(Beginning of Extracted entries)
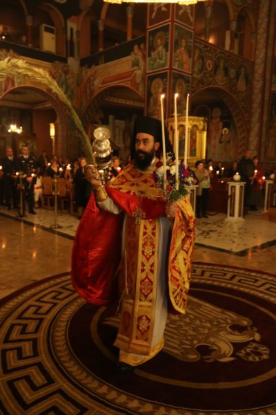 «Μέ πίστη καί ὑπομονή κατά τή διαρρεύσασα Ἁγία καί Μεγάλη Ἑβδομάδα ἐγενόμεθα αὐτόπται καί αὐτήκοοι μάρτυρες τοῦ Θείου Πάθους. Κρατῶντας τά βαΐα τῶν φοινίκων ἀκολουθήσαμε τόν Χριστό στα Ἱροσόλυμα· μέ συνοχή καρδίας Τόν εἲδαμε γονυπετῆ προσευχόμενο στόν Κήπο τῆς Γεθσημανῆ καί στή συνέχεια μέ ἕνα ὑποκριτικό φίλημα νά παραδίδεται ἀπό τόν μαθητή ὡς ληστής, ἀγόμενος ἀπό κριτήριο σέ κριτήριο· περιδεεῖς ἀτενίσαμε τό Θεῖο Του πρόσωπο περιβεβλημένο μέ τόν ἀκάνθινο στέφανο καί παρέστημεν στίς μαστιγώσεις, στούς κολαφισμούς καί τούς ἐμπτυσμούς, πού ὑπέμεινε ὁ Δίκαιος γιά ἐμᾶς· δοκιμασθήκαμε καθορῶντες τόν Λυτρωτή νά Σταυρώνεται ἀπό ἀνόμους καί νά παραδίδη τό Πνεύμα Του ἐπί τοῦ Σταυροῦ· μαζί μέ τόν Ιωσήφ καί τόν Νικόδημο συντετριμμένοι ἀποθέσαμε τό ἄχραντο Σῶμα τοῦ Διδασκάλου στόν Τάφο καί μέ τίς μυροφόρες θρηνήσαμε μέ ἄμετρη ὁδύνη. Ἀλλά ἰδοῦ σήμερα ἡ πολυπόθητη ἑορτή ἔφθασε! Ὁ Χριστός ἀνέστη! Τό ἀνέσπερο καί ζωηφόρο φῶς “τῆς μιᾶς τῶν Σαββάτων“ καταυγάζει ὅλες τίς σκοτεινές γωνιές τῆς ἀνθρωπότητας ἀλλά καί κάθε ἀνθρώπινης ψυχῆς! Τίποτε δέν μένει ἔξω ἀπό τήν Θεία καί ὑπερκόσμια ἀκτινοβολία. Τίποτε δέν παραμένει ὑπό τήν ἐξουσία τοῦ θανάτου. Ἀπελπισία πλέον δέν χωρεῖ στά ἀνθρώπινα, ἀδιέξοδα δέν ὑπάρχουν πλέον στά ἐπίγεια. Ἡ ζωή ξαναβρίσκει τό πρίν ἀπό τήν πτώση νόημα καί ὁ θάνατος γίνεται γέφυρα πρός τή ζωή! Γνωρίζουμε πλέον πώς ὁ Ἁδης δέν ἀποτελει τή μοίρα τοῦ ἀνθρώπου…», τόνισε ο Σεβασμιώτατος απευθυνόμενος στον ιερό κλήρο και τον ευσεβή λαό της ακριτικής επαρχίας του.
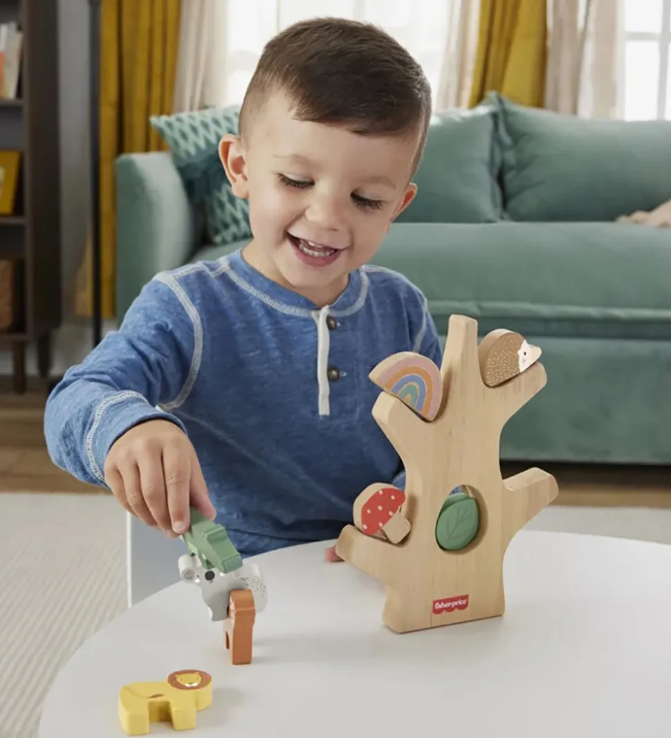 Flot Fisher-Price balancetræ i naturfarvet træ med farverige figurer, der forestiller forskellige vilde dyr, samt en svamp, et blad og en regnbue.
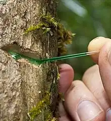 The plant's sap is notable for being of a bright green color due to the high nickel content, with up to 16.9% nickel by weight and the sap is described as "one of the most unusual biological liquids".[6][1] This figure is the second highest recorded concentration of nickel of any living material, behind a 25% figure for a Pycnandra acuminata sample from New Caledonia.[13] Due to its bioaccumulation capabilities, P. balgooyi has been brought forward as a potential candidate for phytomining (i.e. extracting metals from plants), to be utilized in soils where the nickel concentration is too low for commercial mining operations.[14]
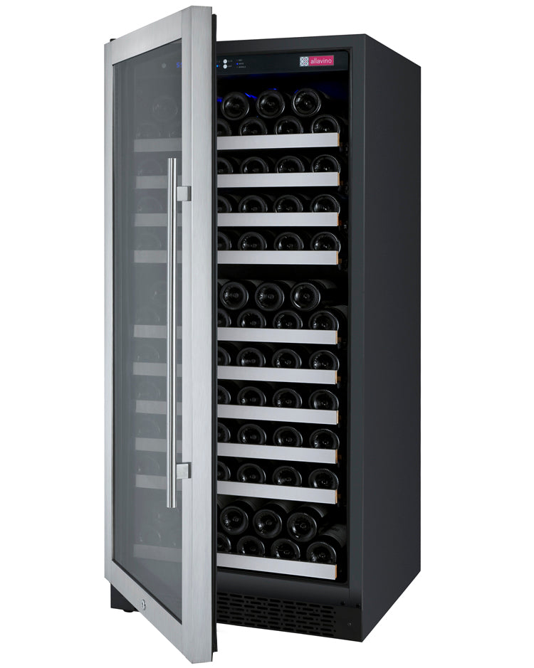Large capacity 128 bottle wine fridge, The Allavino FlexCount II VSWR128-1SL20 Single Zone Wine Refrigerator with Tru-Vino Technology. Featuring a  24" wide cabinet that can be used as a stylish freestanding unit or built into your cabinetry for seamless wine storage.
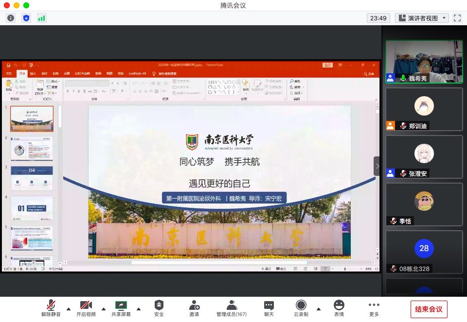 11月22日晚,为增强20级新生对于学术科研的认识,第一临床医学院通过腾讯会议开展“同心筑梦,携手共航” 20级学术专题线上交流会。参与本次活动的有20级辅导员郑训迪老师、20级泌尿外科硕士研究生魏希夷同学,以及20级所有五年制临床专业同学与部分5+3一体化临床专业及天元班同学。本次活动由张澄安同学主持。
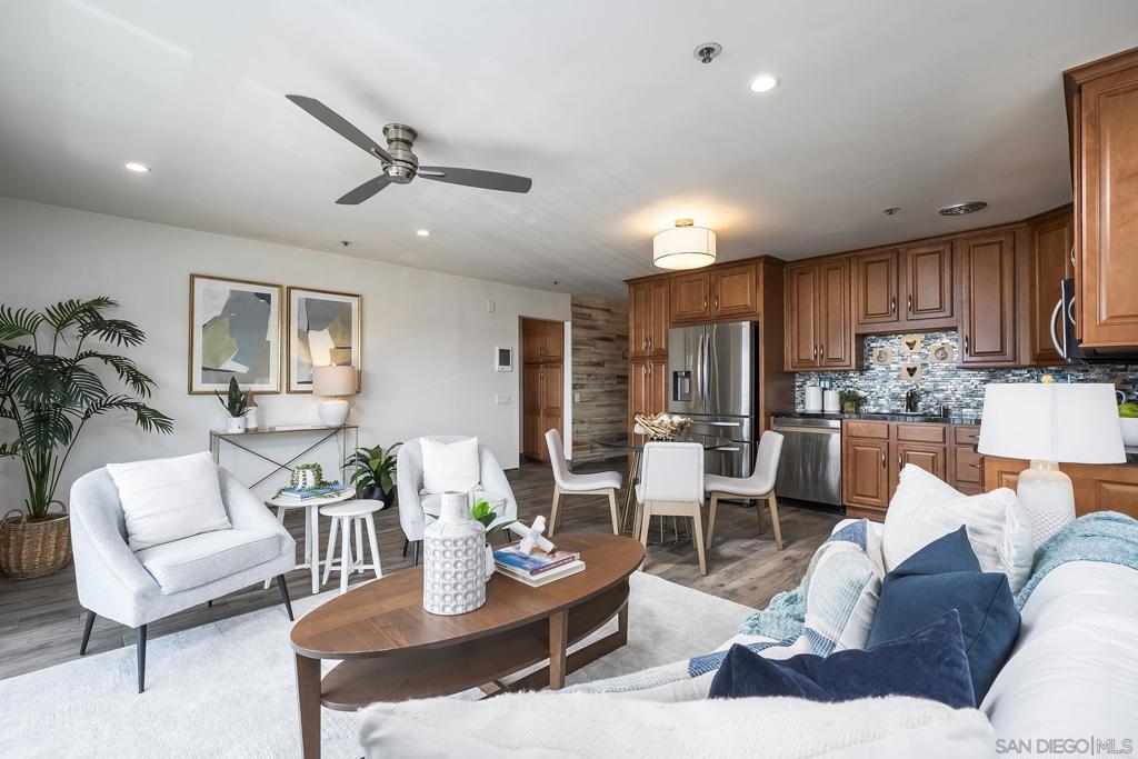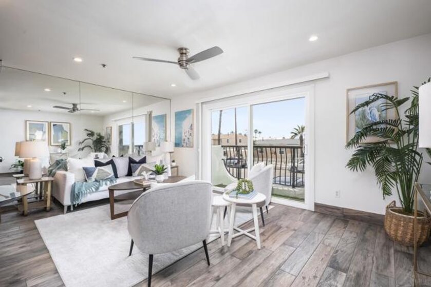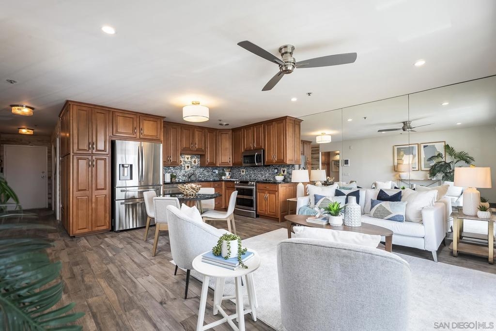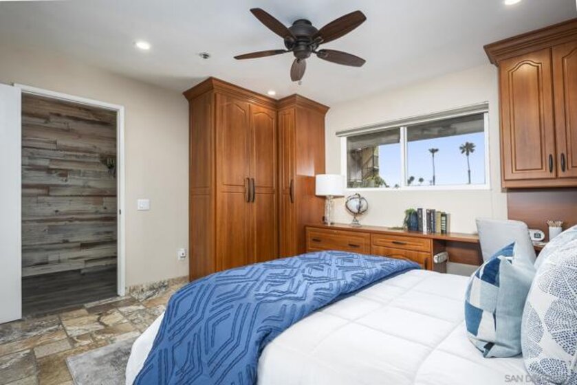 Welcome to coastal living at its finest in this beautifully maintained 2-bedroom, 2-bathroom condo offering approximately 1,078 square feet, ideally located along the waterfront in Ocean Beach. Enjoy sweeping ocean views and refreshing sea breezes from your private balconies—perfect for morning coffee or relaxing at sunset. Inside, a bright and inviting open-concept layout showcases a beautifully updated kitchen with rich wood cabinetry, stainless steel appliances, and a stylish tile backsplash. The kitchen flows seamlessly into the dining and living areas, creating an ideal space for both everyday living and entertaining. A wall of mirrors enhances natural light and amplifies the sense of space, while modern lighting, ceiling fans, and warm-toned flooring complete the cohesive, move-in-ready design. The spacious primary suite offers a tranquil retreat with generous proportions, mirrored closet doors, and direct balcony access, along with a well-appointed en-suite bathroom featuring dual vanities, ample storage, and updated finishes. The versatile second bedroom features custom built-ins, a Murphy bed, and an updated en-suite bathroom, making it ideal for guests, a home office, or both. Additional highlights include abundant storage throughout, in-unit combo washer/dryer, and a secure building for added peace of mind. Located just steps from the sand and surf, and moments from the shops, dining, and vibrant energy of Newport Avenue, this home offers the ultimate blend of comfort, convenience, and coastal charm!
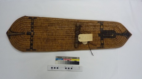shield - Flat, oval wickerwork shield with rounded ends, a …
(End of Extracted entries)
> Problem details: Give the listing again exactly, minus its images.

> Solved problem:
 «Μέ πίστη καί ὑπομονή κατά τή διαρρεύσασα Ἁγία καί Μεγάλη Ἑβδομάδα ἐγενόμεθα αὐτόπται καί αὐτήκοοι μάρτυρες τοῦ Θείου Πάθους. Κρατῶντας τά βαΐα τῶν φοινίκων ἀκολουθήσαμε τόν Χριστό στα Ἱροσόλυμα· μέ συνοχή καρδίας Τόν εἲδαμε γονυπετῆ προσευχόμενο στόν Κήπο τῆς Γεθσημανῆ καί στή συνέχεια μέ ἕνα ὑποκριτικό φίλημα νά παραδίδεται ἀπό τόν μαθητή ὡς ληστής, ἀγόμενος ἀπό κριτήριο σέ κριτήριο· περιδεεῖς ἀτενίσαμε τό Θεῖο Του πρόσωπο περιβεβλημένο μέ τόν ἀκάνθινο στέφανο καί παρέστημεν στίς μαστιγώσεις, στούς κολαφισμούς καί τούς ἐμπτυσμούς, πού ὑπέμεινε ὁ Δίκαιος γιά ἐμᾶς· δοκιμασθήκαμε καθορῶντες τόν Λυτρωτή νά Σταυρώνεται ἀπό ἀνόμους καί νά παραδίδη τό Πνεύμα Του ἐπί τοῦ Σταυροῦ· μαζί μέ τόν Ιωσήφ καί τόν Νικόδημο συντετριμμένοι ἀποθέσαμε τό ἄχραντο Σῶμα τοῦ Διδασκάλου στόν Τάφο καί μέ τίς μυροφόρες θρηνήσαμε μέ ἄμετρη ὁδύνη. Ἀλλά ἰδοῦ σήμερα ἡ πολυπόθητη ἑορτή ἔφθασε! Ὁ Χριστός ἀνέστη! Τό ἀνέσπερο καί ζωηφόρο φῶς “τῆς μιᾶς τῶν Σαββάτων“ καταυγάζει ὅλες τίς σκοτεινές γωνιές τῆς ἀνθρωπότητας ἀλλά καί κάθε ἀνθρώπινης ψυχῆς! Τίποτε δέν μένει ἔξω ἀπό τήν Θεία καί ὑπερκόσμια ἀκτινοβολία. Τίποτε δέν παραμένει ὑπό τήν ἐξουσία τοῦ θανάτου. Ἀπελπισία πλέον δέν χωρεῖ στά ἀνθρώπινα, ἀδιέξοδα δέν ὑπάρχουν πλέον στά ἐπίγεια. Ἡ ζωή ξαναβρίσκει τό πρίν ἀπό τήν πτώση νόημα καί ὁ θάνατος γίνεται γέφυρα πρός τή ζωή! Γνωρίζουμε πλέον πώς ὁ Ἁδης δέν ἀποτελει τή μοίρα τοῦ ἀνθρώπου…», τόνισε ο Σεβασμιώτατος απευθυνόμενος στον ιερό κλήρο και τον ευσεβή λαό της ακριτικής επαρχίας του.
 Flot Fisher-Price balancetræ i naturfarvet træ med farverige figurer, der forestiller forskellige vilde dyr, samt en svamp, et blad og en regnbue.
 The plant's sap is notable for being of a bright green color due to the high nickel content, with up to 16.9% nickel by weight and the sap is described as "one of the most unusual biological liquids".[6][1] This figure is the second highest recorded concentration of nickel of any living material, behind a 25% figure for a Pycnandra acuminata sample from New Caledonia.[13] Due to its bioaccumulation capabilities, P. balgooyi has been brought forward as a potential candidate for phytomining (i.e. extracting metals from plants), to be utilized in soils where the nickel concentration is too low for commercial mining operations.[14]
Large capacity 128 bottle wine fridge, The Allavino FlexCount II VSWR128-1SL20 Single Zone Wine Refrigerator with Tru-Vino Technology. Featuring a  24" wide cabinet that can be used as a stylish freestanding unit or built into your cabinetry for seamless wine storage.
 11月22日晚,为增强20级新生对于学术科研的认识,第一临床医学院通过腾讯会议开展“同心筑梦,携手共航” 20级学术专题线上交流会。参与本次活动的有20级辅导员郑训迪老师、20级泌尿外科硕士研究生魏希夷同学,以及20级所有五年制临床专业同学与部分5+3一体化临床专业及天元班同学。本次活动由张澄安同学主持。
 Welcome to coastal living at its finest in this beautifully maintained 2-bedroom, 2-bathroom condo offering approximately 1,078 square feet, ideally located along the waterfront in Ocean Beach. Enjoy sweeping ocean views and refreshing sea breezes from your private balconies—perfect for morning coffee or relaxing at sunset. Inside, a bright and inviting open-concept layout showcases a beautifully updated kitchen with rich wood cabinetry, stainless steel appliances, and a stylish tile backsplash. The kitchen flows seamlessly into the dining and living areas, creating an ideal space for both everyday living and entertaining. A wall of mirrors enhances natural light and amplifies the sense of space, while modern lighting, ceiling fans, and warm-toned flooring complete the cohesive, move-in-ready design. The spacious primary suite offers a tranquil retreat with generous proportions, mirrored closet doors, and direct balcony access, along with a well-appointed en-suite bathroom featuring dual vanities, ample storage, and updated finishes. The versatile second bedroom features custom built-ins, a Murphy bed, and an updated en-suite bathroom, making it ideal for guests, a home office, or both. Additional highlights include abundant storage throughout, in-unit combo washer/dryer, and a secure building for added peace of mind. Located just steps from the sand and surf, and moments from the shops, dining, and vibrant energy of Newport Avenue, this home offers the ultimate blend of comfort, convenience, and coastal charm!
shield - Flat, oval wickerwork shield with rounded ends, a …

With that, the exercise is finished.